Article Bruno Bertez du 10 décembre 2015

Titre : Réflexions pessimistes sur le terrorisme : nous versons le poison dans nos sociétés

La lucidité impose de considérer que l’on ne peut pas arrêter le terrorisme, dès lors que l’on a en face de soi des adversaires décidés et motivés. Bien entendu, cela ne signifie pas que l’on ne peut, en organisant efficacement la lutte et en y mettant des moyens considérables, réduire les risques. Non, on peut limiter les risques.  Il est évident que beaucoup de terroristes ne sont que des branquignols, des pieds nickelés, qu’il est possible de localiser et neutraliser. Mais, l’apprentissage aidant, sur la durée, ils vont progresser.
Ainsi, quand les terroristes ont compris que les téléphones cellulaires servaient à les localiser et à les écouter, ils les ont abandonnés et sont revenus aux méthodes, soit anciennes, soit au contraire plus sophistiquées. Quand ils ont découvert que les mouvements de fonds pouvaient être pistés, ils ont délaissé les circuits traditionnels et ont emprunté des voies plus simplistes, mais plus discrètes. A toute action, il y a une réaction, une parade, c’est cela l’homme. C’est une guerre de mouvement, fluide, dans laquelle des individus jouent leur vie et leur mort et, à partir de là, toutes les capacités sont décuplées.
Il parait clair que cette forme de guerre, car c’en est une, est très difficile à mener dans nos pays même.

Un bref retour en arrière indique que le plus grand système de surveillance de tous les temps mis en place par les américains, la NSA, été incapable de déjouer la première attaque contre les Twin Towers en 1993 et a été incapable de s’opposer avec succès à la suivante. Les systèmes de surveillance croulent sous le poids des données collectées, à un point tel que certains spécialistes américains considèrent que l’on a atteint la limite de l’efficacité ; la collecte tous azimuts empêche la lutte efficace tout en entretenant des illusions fatales. La liste de tous les attentats réussis, malgré la mise en œuvre de moyens considérables, est longue, elle concerne aussi bien les USA que la France ou la Russie.
Le risque est à l’image de l’imagination de l’homme, infini, sans limite, on peut toujours inventer quelque chose de nouveau, surtout sous la pression du désespoir. Le plus frappant est que ces ennemis sont à la fois capables de concilier les techniques les plus avancées, modernes, et les plus primaires, les plus barbares. C’est peut-être l’un des secrets de leur réussite, que cette association de la modernité et de la barbarie.

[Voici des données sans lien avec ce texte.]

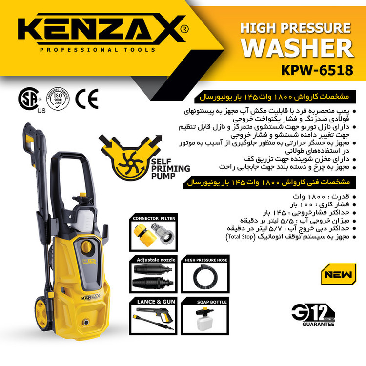 کارواش 145 بار یونیورسال خودمکش کنزاکس مدل KPW-6518
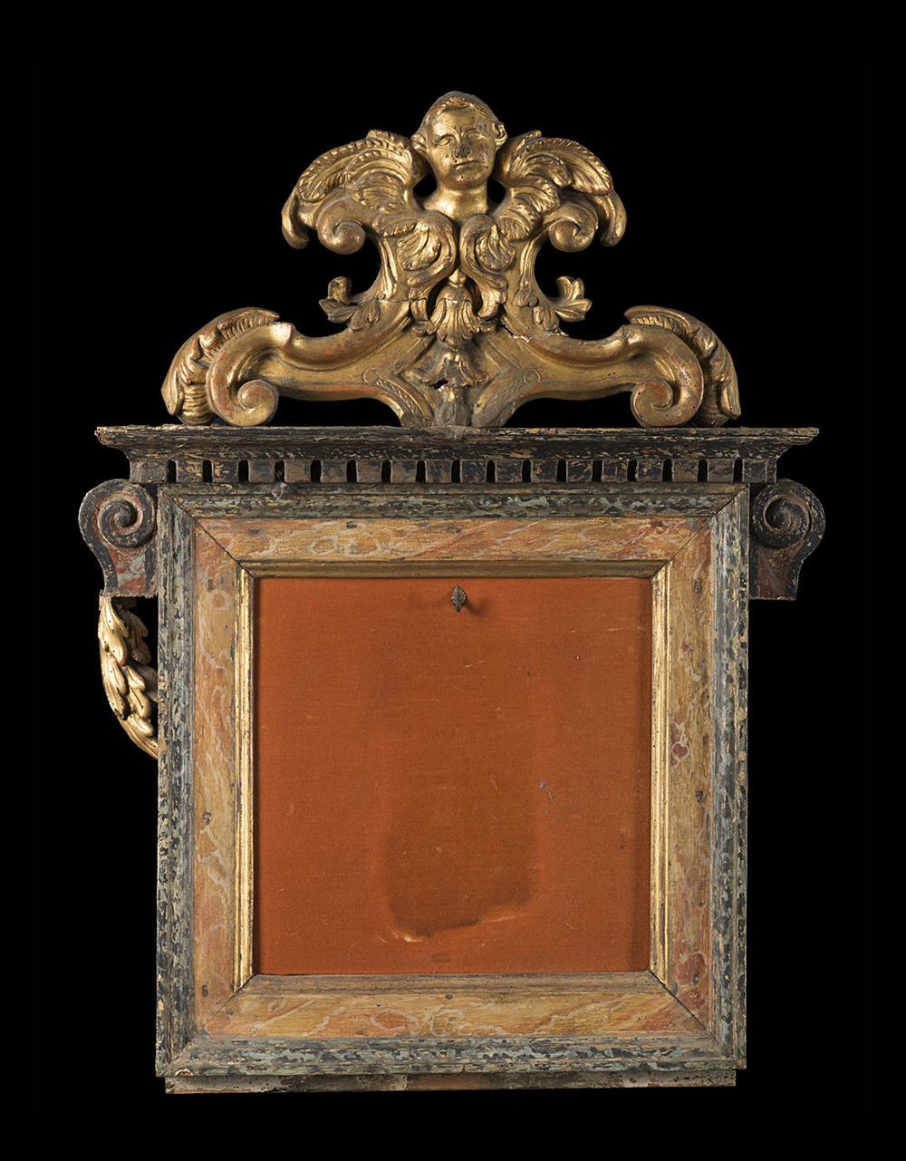 Arte del sec. XVII. Cornice di forma architettonica in legno laccato, decorato ai lati e nella cimasa da fregi in legno scolpito a foglie e testa di cherubino (luce cm 30x30) (restauri e mancanze) 17th-century art. A lacquered giltwood frame (cm 30x30) (restorations and losses)
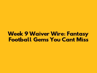 Week 9 Waiver Wire: Fantasy Football Gems You Can't Miss
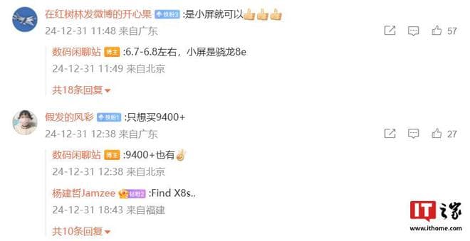 博主还回复了网友部分问题:针对新机是否为小屏设计,博主称“6.7-6.8 左右,小屏是骁龙 8e”;针对是否会推出天玑 9400+ 处理器手机新品,博主表示“9400+ 也有”(此处暗指一加新机)。
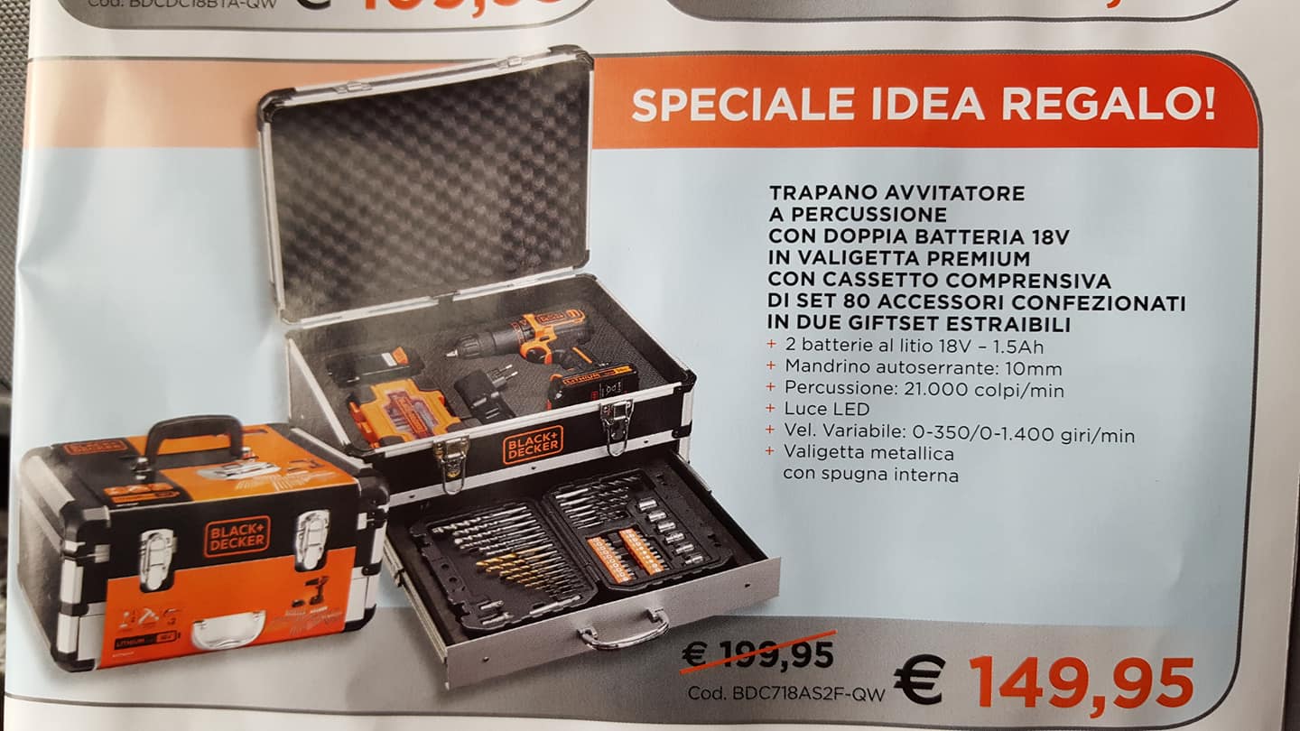 Trapano Avvitatore a percussione con doppia batteria 18V in valigetta premium con cassetto comprensiva di set 80 accessori confezionati in due GIFSET ESTRAIBILI

Notre pessimisme repose sur ce constat ; dans le passé ; nous n’avons pas réussi et cela nous a déjà conduit à mettre en place des sociétés totalitaires qui violent les libertés les plus élémentaires; nos sociétés sont clivées, divisées, la fluidité des déplacements a disparu. Que fera-t-on de plus quand il y aura d’autres attaques? Il faudra exclure les musulmans, les déporter, leur mettre des bracelets électroniques, les interner, nous allons nous enfoncer dans un univers effrayant. Déjà, il y a des gens qui le demandent. Des gens qui en demandent plus. Dans un pays comme la France, fragile, avec une population musulmane importante et avec les montées insidieuses d’intolérance que l’on constate, cela conduira à la guerre civile. Cela conduit déjà à des dislocations politiques et des ruptures de consensus dans nos sociétés. Elles deviennent ingouvernables.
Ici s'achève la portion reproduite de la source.